– Ладно, я тоже хорош, – проворчал Волкодав и неуклюже погладил её по голове. Волосы были мягкими и пышными, как густой шёлк. Если высыпать на них мешок лесных яблок, подумалось Волкодаву, до земли не докатится ни одно.– Зря пугать не хотел. Если бы круг… – Он махнул рукой, отчаявшись объяснить что-нибудь толком. Слишком долго рассказывать, что воин, убивший врага, должен самое малое три дня париться в бане, строго постясь, не ступая на землю, не показываясь солнцу и, уж конечно, не разговаривая ни с кем. И всё это ради того, чтобы мстительные души не сумели отыскать погубителя.
Ещё он подумал, что уже не раз и не два, сидя ночью, слышал из палатки кнесинки точно такой плач.

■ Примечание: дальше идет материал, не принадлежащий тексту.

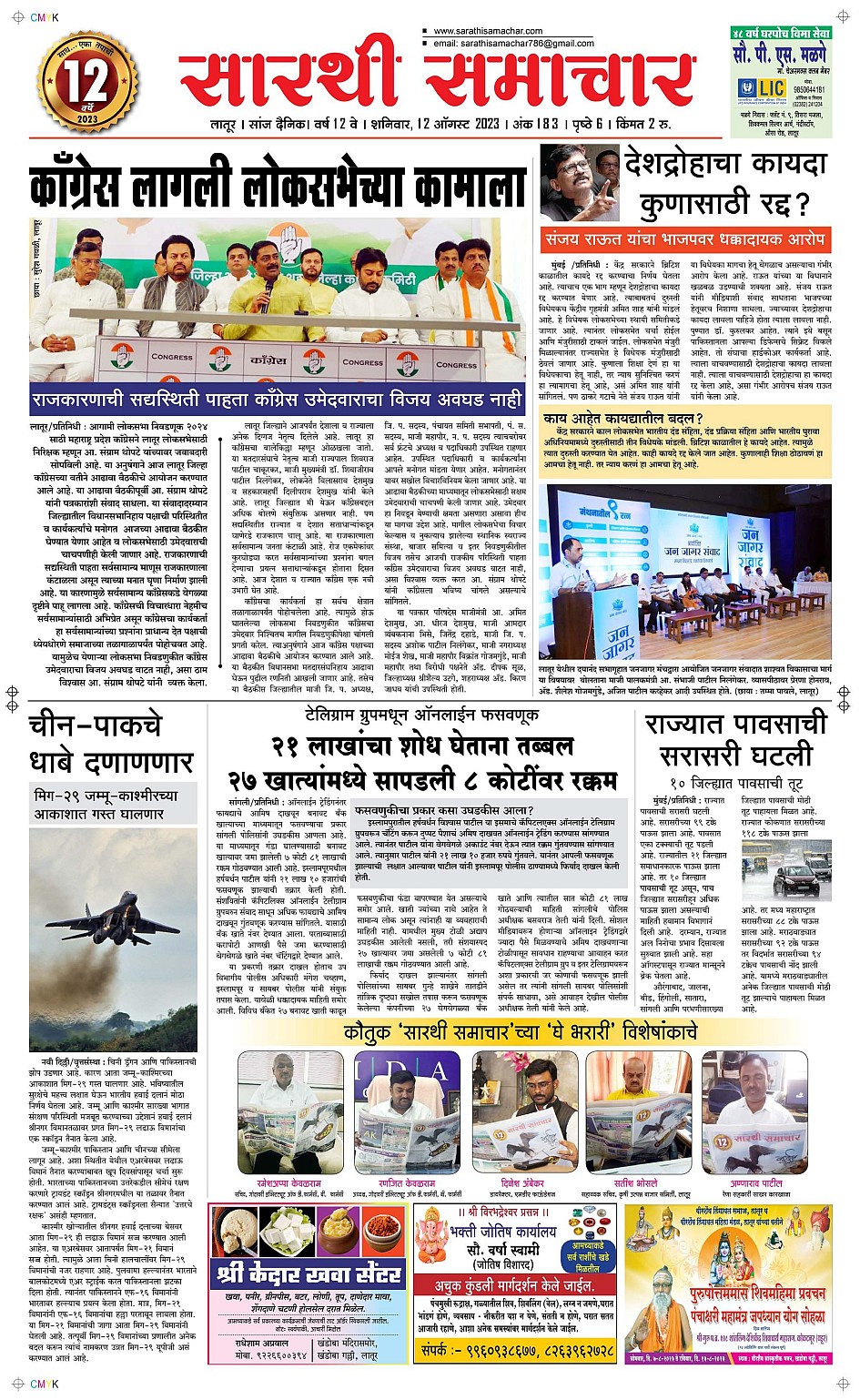 Latur August 12, 2023 << First << 1 >> Last >> Page 1Page 2Page 3Page 4Page 5Page 6 × Latur Page 1Page 2Page 3Page 4Page 5Page 6 << First << 1 >> Last >> Page 1Page 2Page 3Page 4Page 5Page 6 Page 1
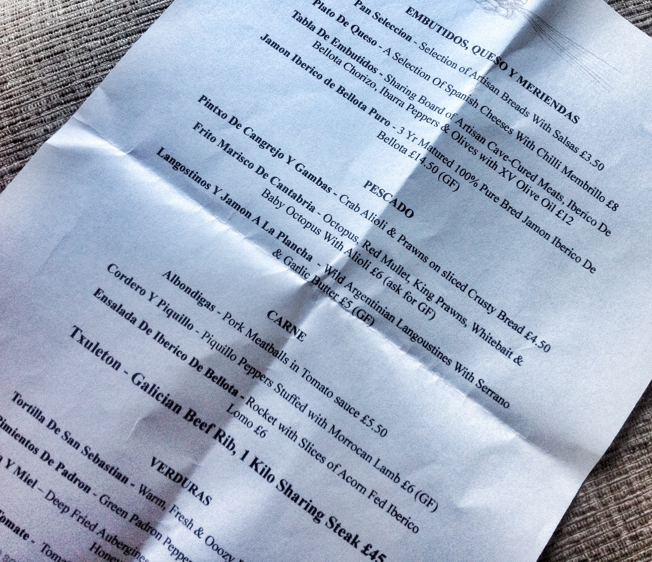 Costillas Ibericás (£7.75) slow roasted ribs from the giant Ibericó pigs, falling off the bone, in a special Catalan BBQ sauce with tamarind, orange and fennel seed. Pic of the dishes. Arguably the finest ribs I’ve ever eaten. The sauce with the fennel was simply ‘historic’.

Почему-то ему всегда вспоминалось при этом, как она хваталась за его руки тогда в Галираде, в день покрывания лица.
– Если я отведу тебя домой или к жениху, будет переполох. А то вовсе драка, – сказал он Ане. – Здешнее племя галирадского рига руку двести лет держит… что ж, насмерть ссориться из-за одного говнюка? Так ведь и не вышло у него ничего… А за твою обиду я с ними довольно, кажется, поквитался…
Немного попозже пришёл палач – уродливо вспухший и оттого казавшийся ещё толще, чем был при жизни. Голова, покрытая капюшоном, моталась на сломанной шее. Тогда, в подвале, Волкодав так и не увидел его лица. Разглядывать эту рожу теперь ему хотелось ещё меньше.
– Как я погляжу, это вправду твой сын, – сказал Волкодав. – Весь в тебя. Наверное, ты хочешь вызвать меня на поединок?